Stored items from a collection:
● ● ● ●
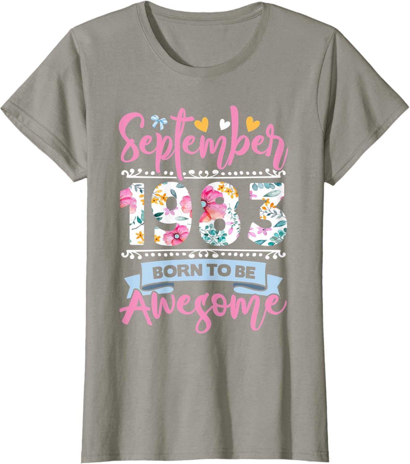 Womens 39 Birthday Born to Be Awesome September 1983 Floral T-Shirt
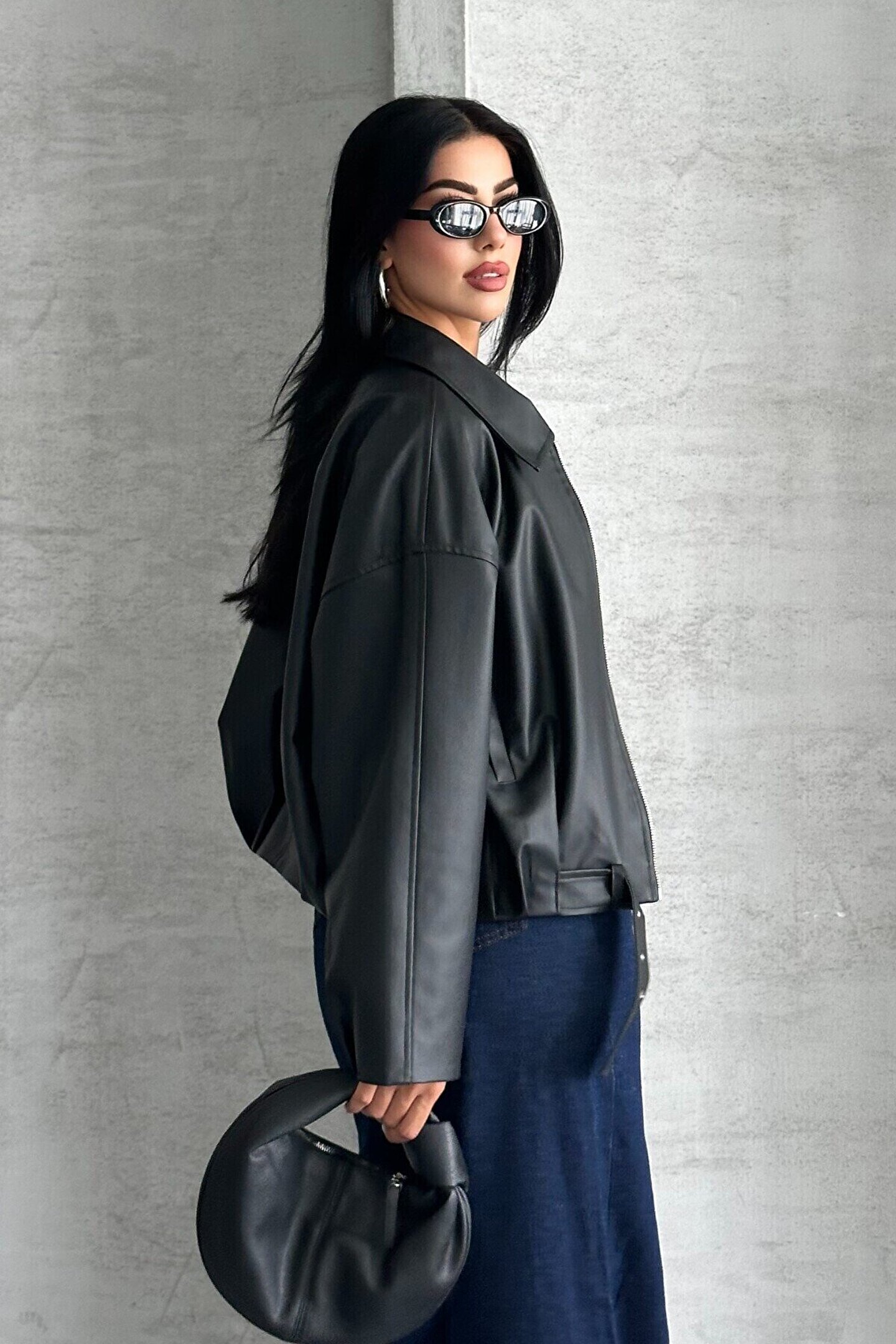 moda armanc Kadın Oversize Bomber Suni Deri Ceket | Yeni Sezon Kemerli Biker Ceket
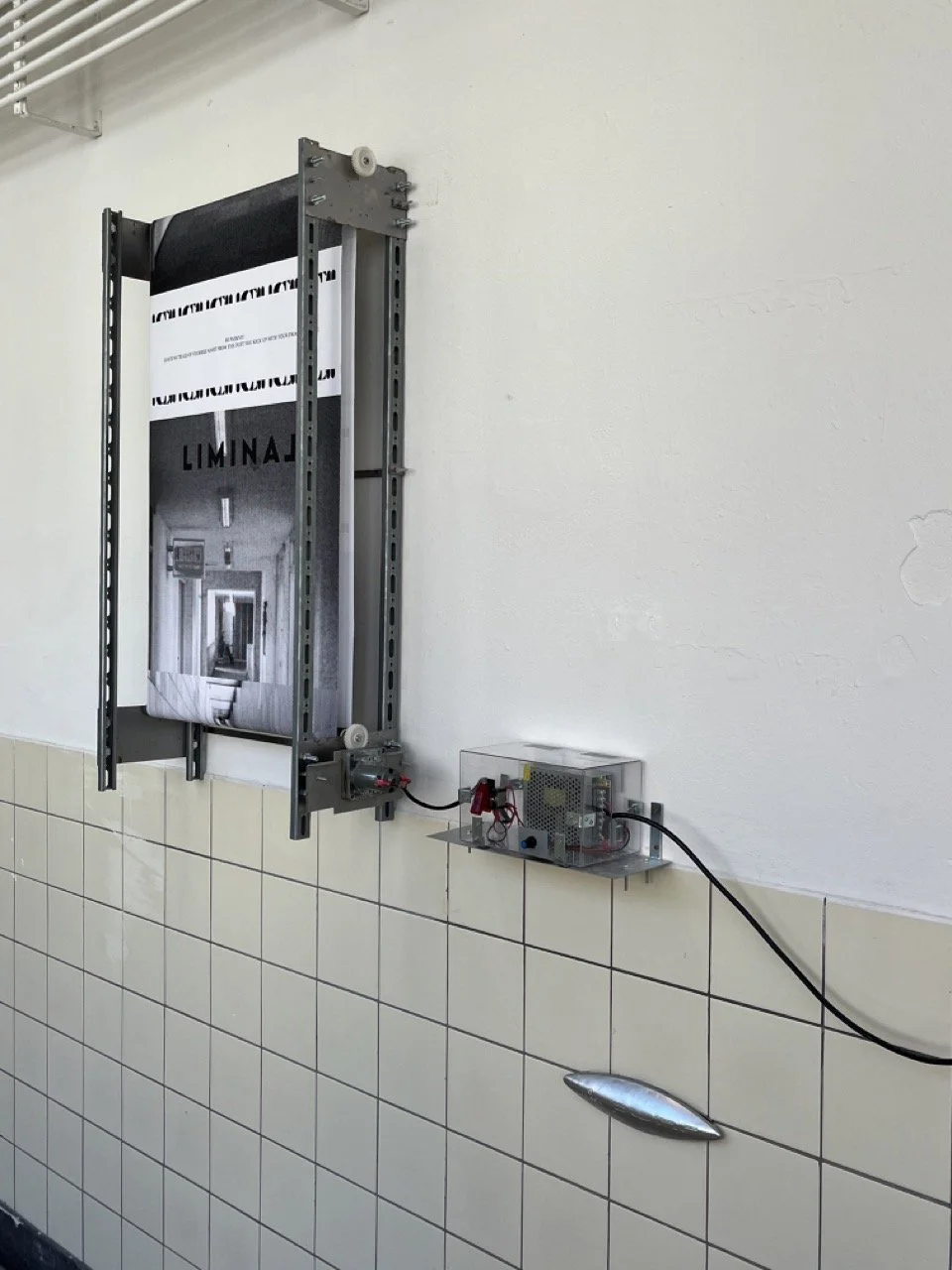 The billboard displays a message. It's an advertisement for liminality. It reads: "Waiting is the new smoking" and "Be passive" "Leave no trace of yourself apart from the dust you kick up with your dragging feet". The frame is also my design- I took inspiration from the rotating billboards you often find at bus stops. I wanted to highlight the mechanical aspect, and built the frame to show off the gears, motor and battery, and so that you'd hear it turning.
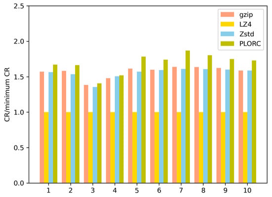 CR comparison of the tested algorithms. The x-axis represents the ‘Dataset Number’ in Table 7. The y-axis means the ratio between the CR of the tested algorithm and the minimum CR on the same dataset.
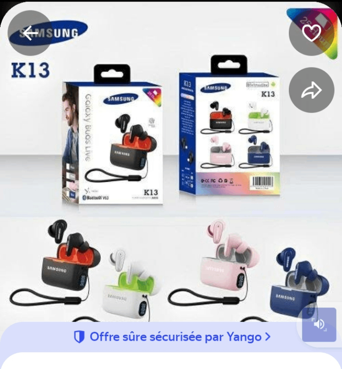 Découvrez les écouteurs Bluetooth Samsung K13 pour une expérience audio sans fil incomparable. Avec un design compact et des couleurs vibrantes, ils offrent un son de haute qualité et un confort d'utilisation. Parfait pour le sport, le voyage ou le quotidien. Compatibilité étendue avec la plupart des appareils Bluetooth.
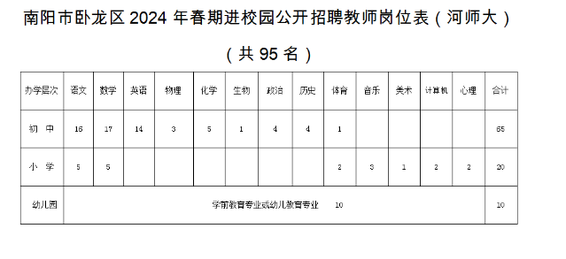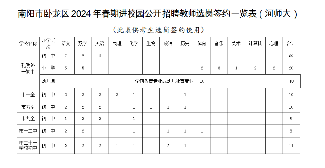 1、南陽市臥龍區(qū)2024年春期進(jìn)校園公開招聘教師崗位表(河師大)
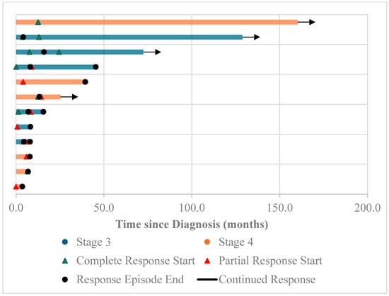 Swimmer’s plot of Stage III and IV adenosquamous carcinoma (ASC) patients in the cohort, highlighting the frequency of recurrences within the cohort.
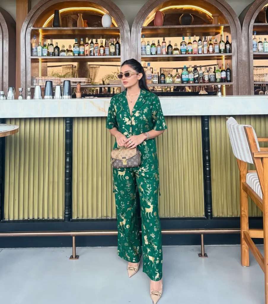- Festive Vibe: A co-ord set is a modern, easy way to look instantly put-together. The addition of a gold foil print (think subtle stars, leaves, or abstract patterns) makes it festive without needing extra sparkle.
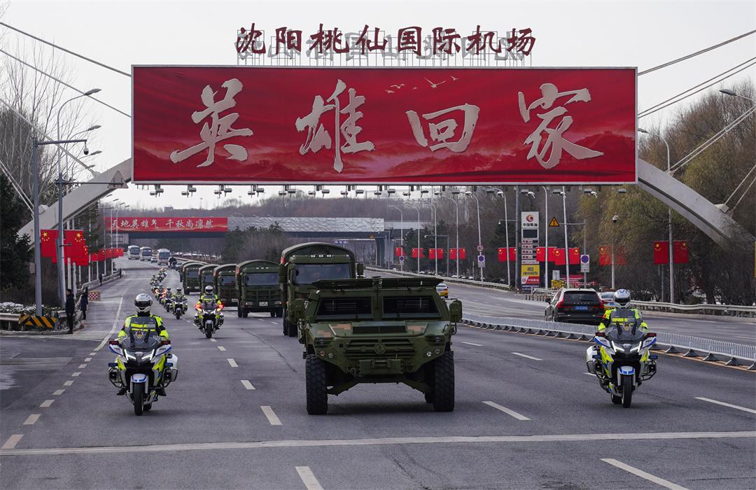 12時07分,空軍專機運-20緩緩降落在遼寧沈陽桃仙國際機場。專機進(jìn)入中國領(lǐng)空后,空軍兩架殲-20戰(zhàn)斗機護(hù)航,并在沈陽機場上空通場,“雙20”同框向志愿軍烈士致以崇高敬意,沈陽桃仙機場以“過水門”航空最高禮儀迎接志愿軍烈士遺骸回家。
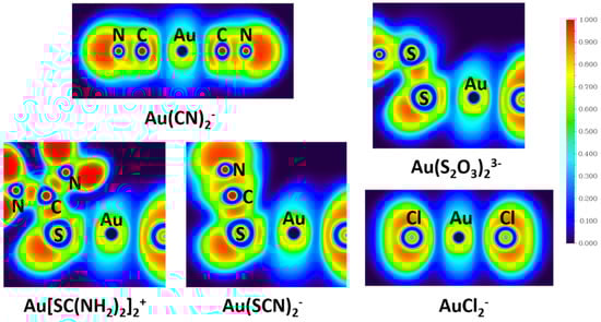 The electron localization functions (ELFs) of Au(CN)2−, Au(S2O3)23−, Au[SC(NH2)2]2+, Au(SCN)2−, and AuCl2− derived from TPSSh/aug-cc-pVTZ calculation.
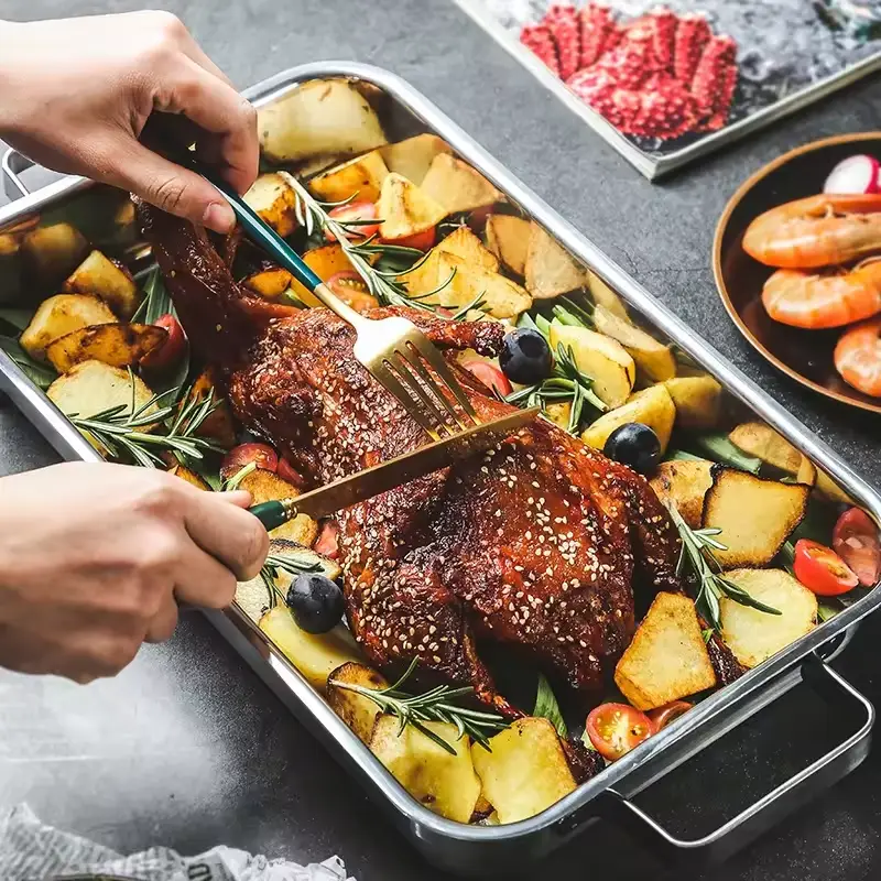 Thickened Design: The Baking Pans adopt a thickened structure with strong load-bearing capacity and high strength. It can accommodate more food and effectively prevent warping and deformation at high temperatures.
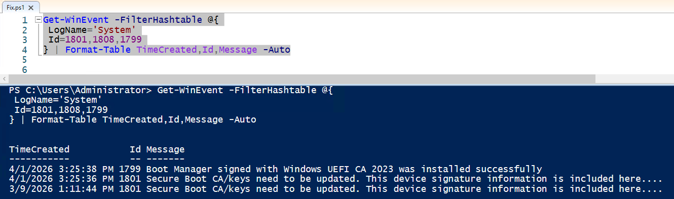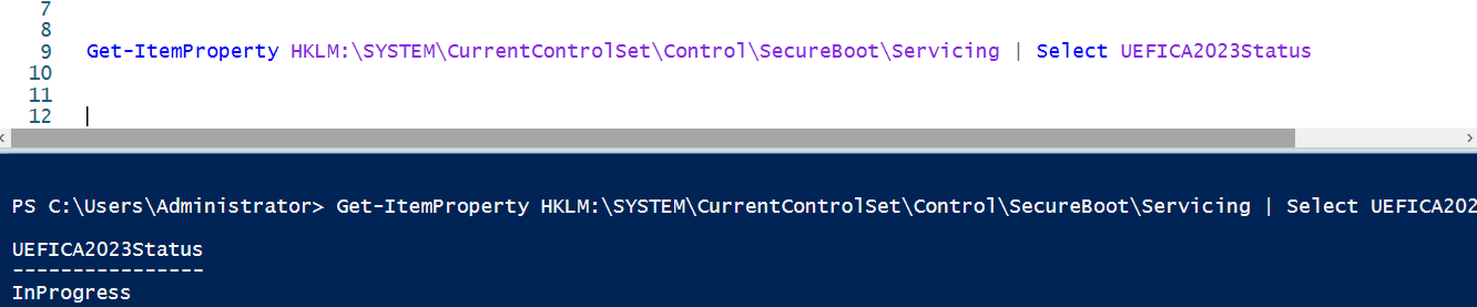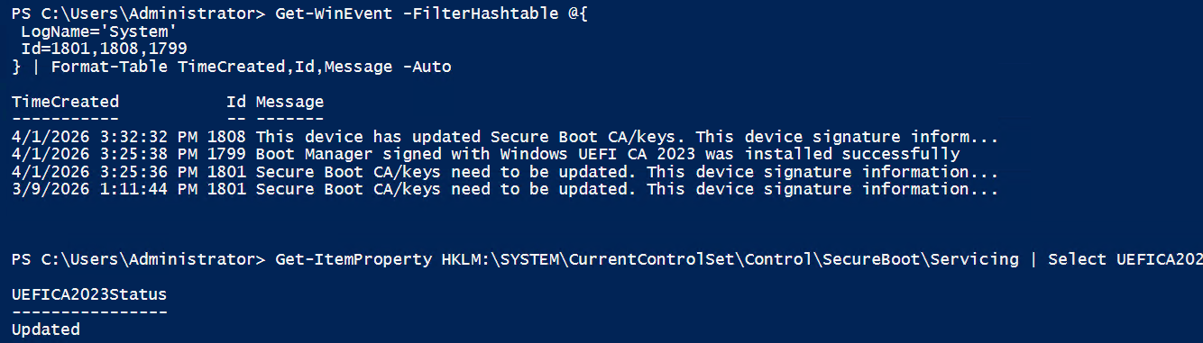 Check servicing statusGet-ItemProperty HKLM:\SYSTEM\CurrentControlSet\Control\SecureBoot\Servicing | Select-Object UEFICA2023Status, UEFICA2023Error, UEFICA2023ErrorEvent
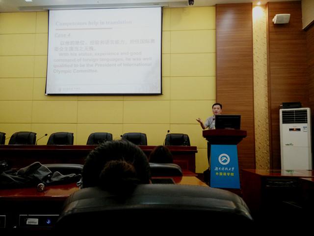 101室作了一场题为“翻译硕士的能力要求”的讲座,此次讲座由副经理张景华教授主持,外院经理曾艳钰教授、禹玲副教授、王桃花副教授、14、15级研究生及部分本科生到场聆听。
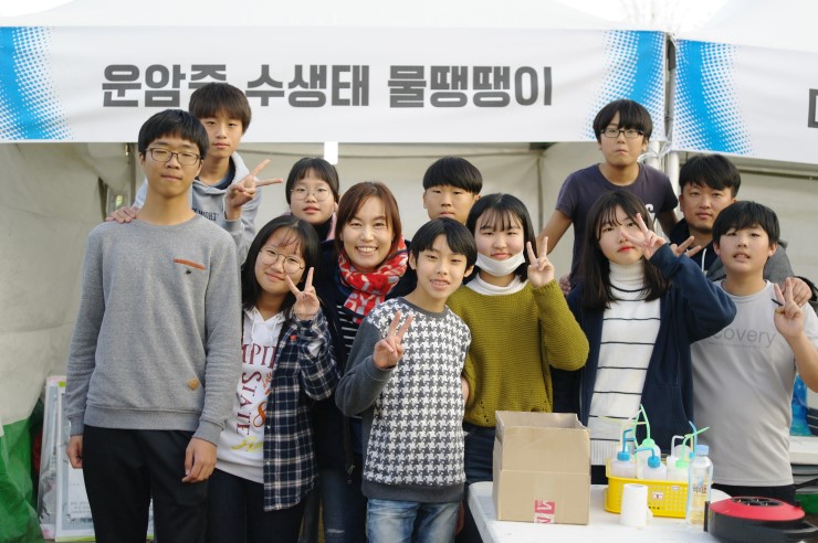 ▲ 운암중 물땡땡이 동아리 학생들과 이윤선 지도 선생님
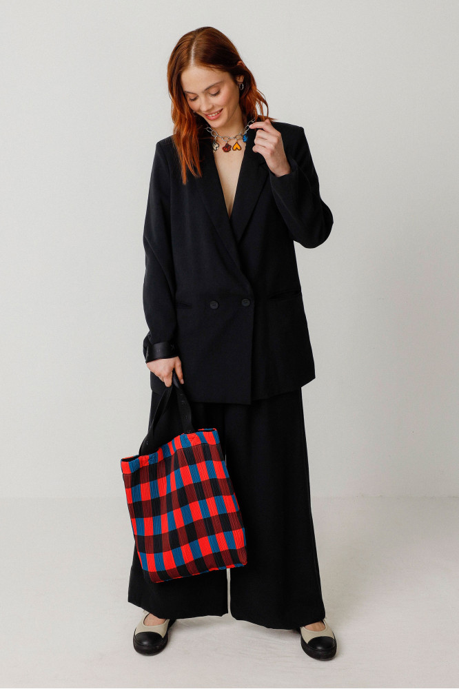 Tote bag dans une matière plissée imprimée, avec fermeture par bouton pression et poignées. Intégralement doublé. Dimensions 300 x 400 mm.
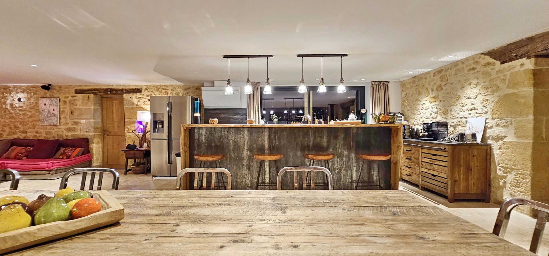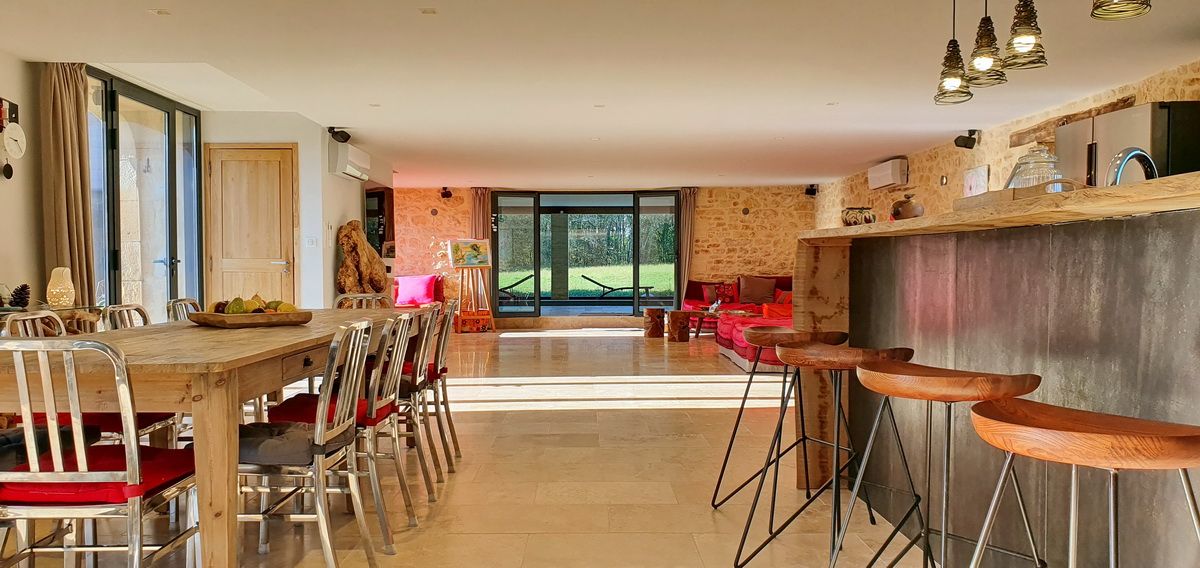 Espace salle à manger: climatisation, table repas 10 chaises, un buffet vaisselier, un poêle à bois.
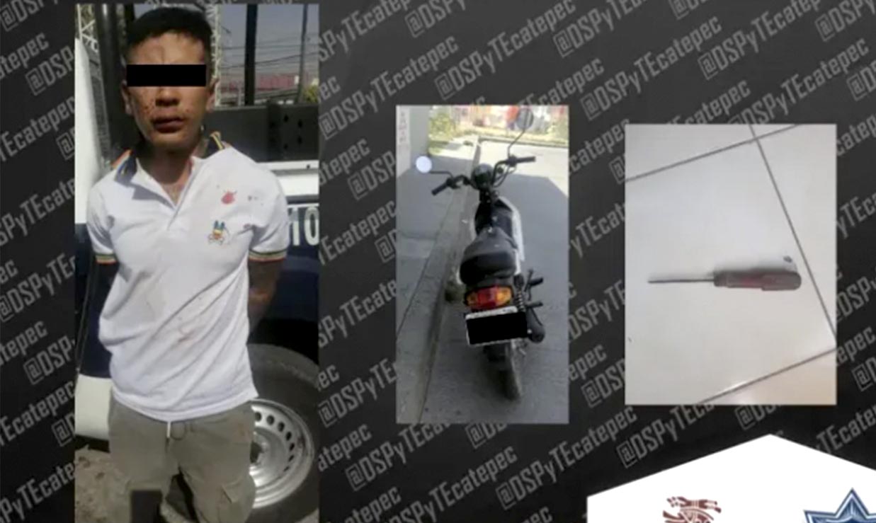 Los hechos ocurrieron en el municipio de Ecatepec cuando un hombre con navaja en mano presuntamente despojó de su unidad a una joven mujer, quien con gritos solicitó el apoyo de los habitantes del lugar, quienes tras perseguir al sujeto, terminaron sometiéndolo.
● ● ● ●
EXERCISE DIRECTIONS:
Exactly the lines from the one holding "Check servicing statusGet-ItemProperty" through the last line of the entries must be set down, with nothing added and no pictures.

WRITTEN SOLUTION:
 Check servicing statusGet-ItemProperty HKLM:\SYSTEM\CurrentControlSet\Control\SecureBoot\Servicing | Select-Object UEFICA2023Status, UEFICA2023Error, UEFICA2023ErrorEvent
 101室作了一场题为“翻译硕士的能力要求”的讲座,此次讲座由副经理张景华教授主持,外院经理曾艳钰教授、禹玲副教授、王桃花副教授、14、15级研究生及部分本科生到场聆听。
 ▲ 운암중 물땡땡이 동아리 학생들과 이윤선 지도 선생님
 Tote bag dans une matière plissée imprimée, avec fermeture par bouton pression et poignées. Intégralement doublé. Dimensions 300 x 400 mm.
 Espace salle à manger: climatisation, table repas 10 chaises, un buffet vaisselier, un poêle à bois.
 Los hechos ocurrieron en el municipio de Ecatepec cuando un hombre con navaja en mano presuntamente despojó de su unidad a una joven mujer, quien con gritos solicitó el apoyo de los habitantes del lugar, quienes tras perseguir al sujeto, terminaron sometiéndolo.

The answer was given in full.